CREATE TABLE order_reconciled AS
SELECT unioned.*
FROM (
  SELECT * FROM orders x
  UNION ALL
  SELECT * FROM order_updates y
) unioned
JOIN
(
  SELECT
    order_no,
    max(last_updated_date) as max_date
  FROM (
    SELECT * FROM orders
    UNION ALL
    SELECT * FROM order_updates
  ) t
  GROUP BY
    order_no
) grouped
ON
  unioned.order_no = grouped.order_no AND
  unioned.last_updated_date = grouped.max_date;

Table: order_reconciled

order_no	customer_id	quantity	cost	order_date	last_updated_date
001	u1	1	$15.00	03/01/2020	03/01/2020
002	u2	1	$20.00	04/01/2020	04/02/2020

The query first combines the orders table and order_updates table together, giving the new unioned table the alias t.

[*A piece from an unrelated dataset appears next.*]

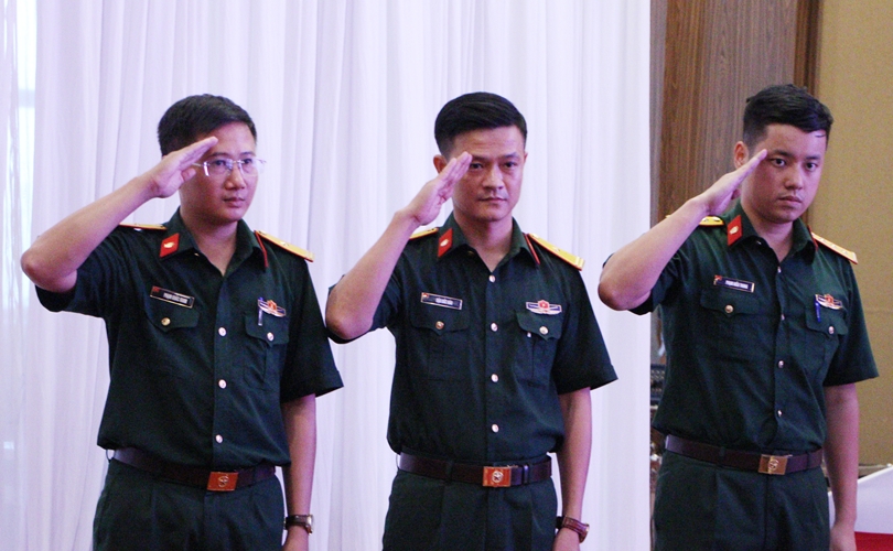 Đội VKS quân sự Quân khu 4 thực hiện động tác chào trước khi trình bày bài thuyết trình.

Then get the latest version for each order_no by grouping table t by order_no and using the MAX() function, denoted with the alias grouped. Join grouped to the unioned set of data on order_no and unioned.last_updated_date = grouped.max_date which filters only rows with the latest last_updated_date for each order_no.

The above example merges the two datasets on a single group-by key, order_no. To merge with multiple keys, SELECT the key columns in the grouped subquery and GROUP BY the keys. Then, update the join conditions to match the keys with their corresponding unioned columns as highlighted in the HQL below.

CREATE TABLE order_reconciled AS
SELECT unioned.*
FROM (...) unioned
JOIN
(
  SELECT
    order_no, customer_id,

    max(last_updated_date) as max_date
  FROM (...) t
  GROUP BY
    Order_no, customer_id
) grouped
ON
  unioned.order_no = grouped.order_no AND
  unioned.customer_id = grouped.customer_id AND
  unioned.last_updated_date = grouped.max_date;

Please note that after HDP 2.6, the MERGE statement can be used to achieve this task instead. For more information please see the HDP documentation here.

Now let’s see how we can do the same thing in Spark.

Incremental Merge with Apache Spark

Spark SQL lets you run SQL statements against structured data inside Spark programs. Here’s how we can use the same HQL above to update the data in Spark.

First, let’s create the data as DataFrame and register them as SQL temporary views.

def createDF(rows: Seq[Row], schema: StructType): DataFrame = {
  spark.createDataFrame(
    sc.parallelize(rows),
    schema
  )
}

val schema = StructType(
  List(
    StructField("order_no", StringType, true),
    StructField("customer_id", StringType, true),
    StructField("quantity", IntegerType, true),
    StructField("cost", DoubleType, true),
    StructField("order_date", DateType, true),
    StructField("last_updated_date", DateType, true)
  )
)

// Create orders dataframe
val orders = Seq(
  Row(

    "001", "u1", 1, 15.00,

    Date.valueOf("2020-03-01"), Date.valueOf("2020-03-01")

  ),
  Row(

    "002", "u2", 1, 30.00,

    Date.valueOf("2020-04-01"), Date.valueOf("2020-04-01")

  )
)
val ordersDF = createDF(orders, schema)

// Create order_updates dataframe
val orderUpdates = Seq(
  Row(

    "002", "u2", 1, 20.00,

    Date.valueOf("2020-04-01"), Date.valueOf("2020-04-02")

  )
)
val orderUpdatesDF = createDF(orderUpdates, schema)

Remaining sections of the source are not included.